Cod Rocks is named for the fish that were originally caught there, and the broken, uneven terrain that forms the local geography. A mess of cliffs and shallow channels and pools in the chilly northern Notal coast, with a few conveniently protruding formations that have over time been dotted with piers and fishing huts, and then half-protruding structures built into the water in the merfolk style.
Cod Rocks was not actually inhabited in the time of the Cataclysm, and has escaped most direct results of it. No large-scale destruction, and only ambient risk of horrible monsters. It's a quiet place in many respects. The merfolk rearranged the underwater stones and channels, created sheltered pools and caves and coves, dug out with sorcerous power and raw muscle, and the surfacers assisted in their own way, with the location long being one of the few reliable trading posts where mer of the far north could exchange meat and skins and treasures of the ocean floors for smelted metal, woodcrafts, and other such things.

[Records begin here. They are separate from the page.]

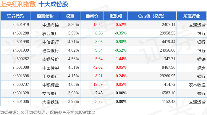 证券之星消息,11月13日,上央红利(000152)指数报收于3012.76点,涨0.11%,成交294.26亿元,换手率0.22%。当日该指数成份股中,上涨的有15家,新钢股份以2.35%的涨幅领涨,下跌的有12家,中国移动以1.16%的跌幅领跌。
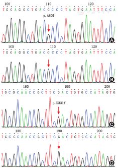 抽取该家系所有成员(Ⅰ1、Ⅰ2、Ⅱ1、Ⅱ2、Ⅱ3)及100名家系外正常个体外周血5 ml,经乙二胺四乙酸二钾抗凝,用标准方法提取DNA。采用全外显子测序技术对先证者(Ⅱ3)DNA进行测序,捕获目标突变位点(PLA2G6基因p.A80T和p.D331Y),并应用聚合酶链反应(PCR)对该家系的所有成员的DNA进行目标位点一代测序验证。PLA2G63号外显子引物序列:正义:5′CGTTAGTG- AGCGACCATGC3′;反义:5′TGATTCCAGCAGGG- ATGTG3′;7号外显子引物序列:正义:5′AGCTG- ACGATAGGAGGGAGAC3′;反义: 5′CTCAGAGCA- GAAGTGGCAGTG3′。PCR反应体系50 μl,包括:预混合酶25 μl,上、下游引物各4 μl(10 μmol/L),目的DNA 5 μl,去离子水13 μl。PCR反应条件:94 ℃预变性5 min,94 ℃变性30 s,退火30 s,72 ℃延伸1 min,共35个循环,72 ℃延伸10 min。PCR扩增产物纯化后送北京华大基因公司进行DNA测序。
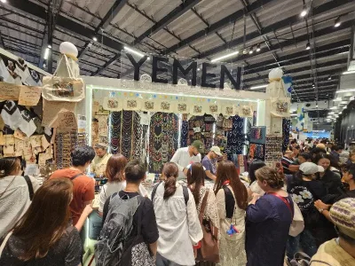 黄色と青色の国旗色が鮮やかな展示スペースを作っていました。
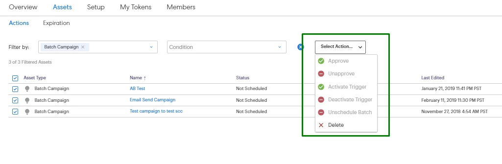 Addition if you want to manage activate \ deactivate triggered campaign in bulk, or perform any other mass action, you can do that via Marketo Sky as well for the below actions
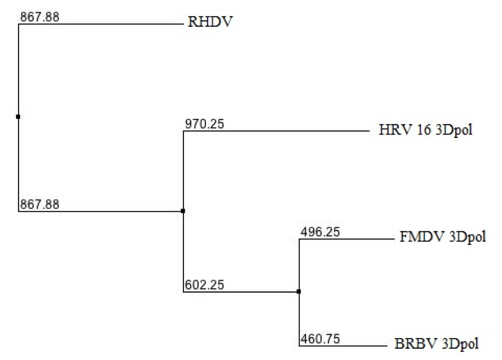 - Hollister, J.R.; Vagnozzi, A.; Knowles, N.J.; Rieder, E. Molecular and phylogenetic analyses of bovine rhinovirus type 2 shows it is closely related to foot-and-mouth disease virus. Virology 2008, 373, 411–425. [Google Scholar]

The trade waxed and waned over thousands of years of history- Changing hands from one polity to another at times, being abandoned after a famine or destroyed in a monster attack at others. The grandiose stonework, however, that reshaped large parts of the area both above and below, mostly endures even if the cultures that built it have faded, including some mad genius's work in blasting and fracturing rock down to a region of volcanic activity, creating a semi-artificial hot spring in the hills and a number of elaborate worked and decorated channels spilling down.

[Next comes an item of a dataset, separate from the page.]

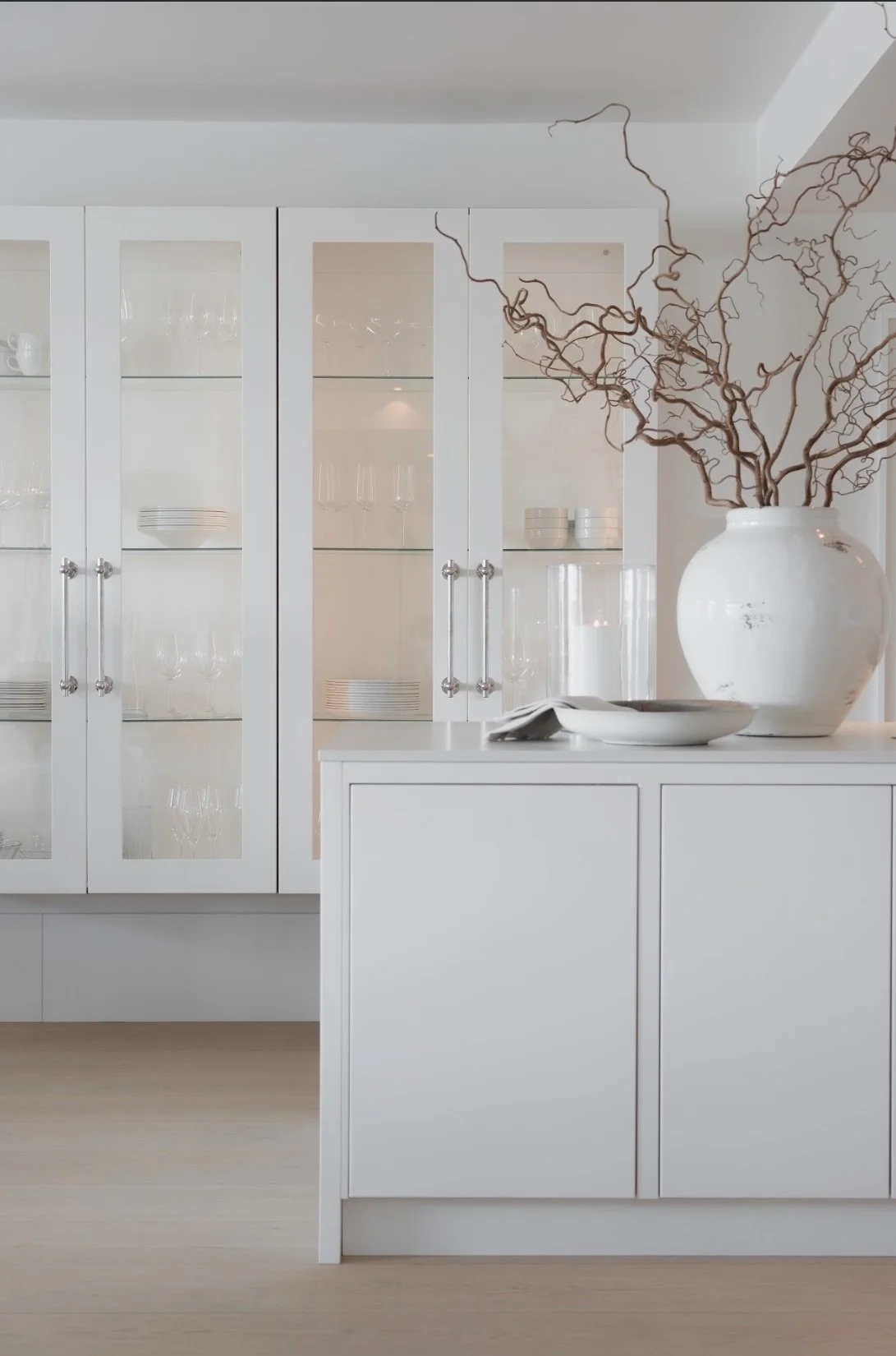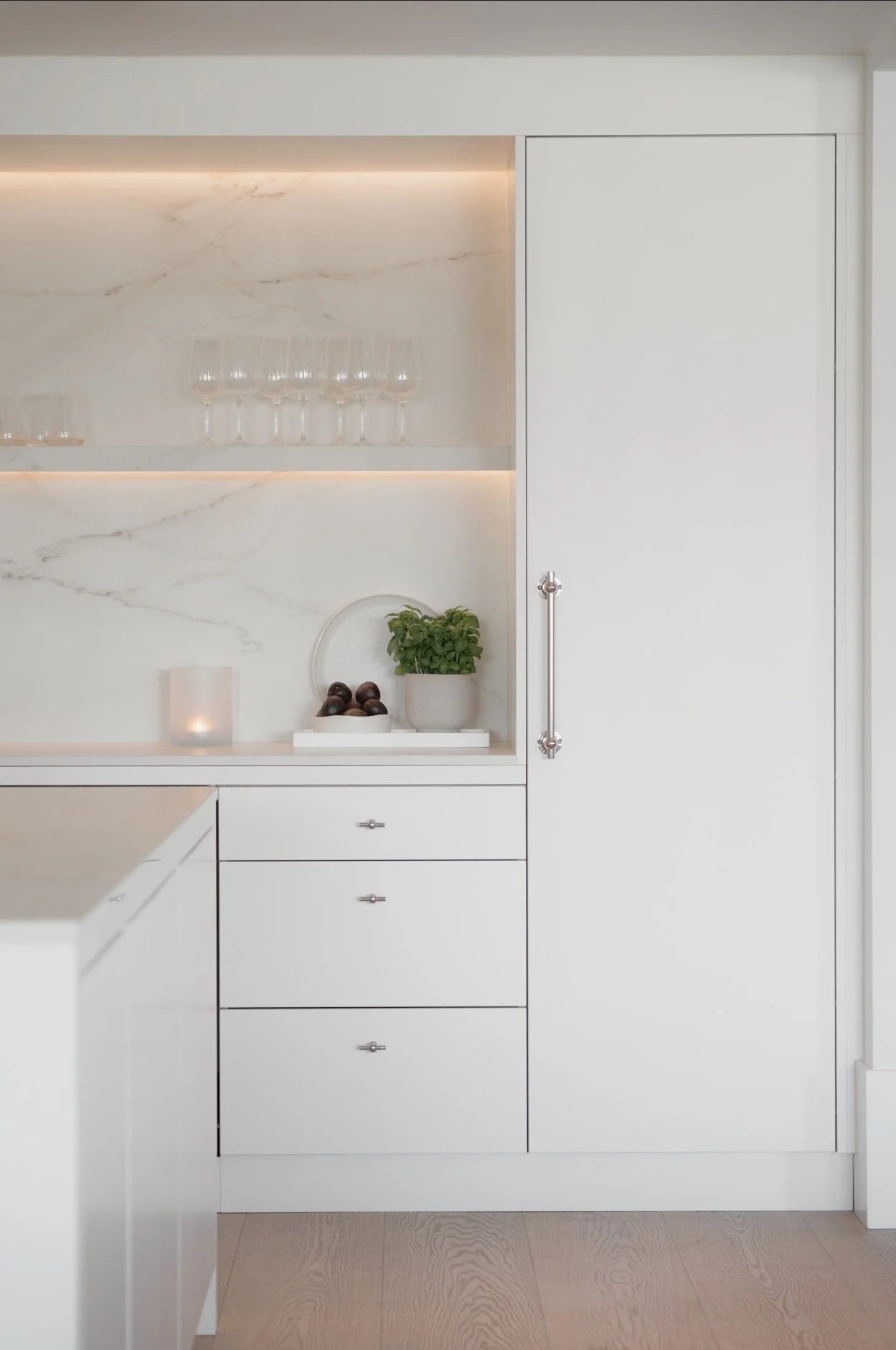 Det klassiske møter det moderne i balanserte kontraster – fra de kraftige håndtakene i krom med tradisjonelt uttrykk, til benkeplaten i kompositt som tilfører klassisk karakter med marmormønster som har lange, markante årer. De vegghengte vitrineskapene med innvendig belysning som gir en lun glød og fremhever alt fra porselen til glass.

In the modern day town, you can find a healthy if somewhat modest cottage industry working with seafloor resources. Fishing, working with coral, processing certain species into dyes or oils or textiles for trade. Further away, natural beauty blends with ancient shaping, with crumbling stairs and murals, a labyrinth of forgotten, collapsed, repaired, and sealed tunnels. The old caves and pools stretch surprisingly far, with many forgotten sights and occasional rumors of treasure, and of course, the hilltop hot spring temple that cascades warm water down to a series of pools and reservoirs even in winter is a must-see sight.
In one of these half-forgotten chambers, where water wells up in a series of circular pools only to cascade down again due to some mysterious natural or engineered force, magic that has built up and up and up reaches a critical point and undergoes a phase change, rippling out into a hole between worlds as latent energies discharge and balance out again.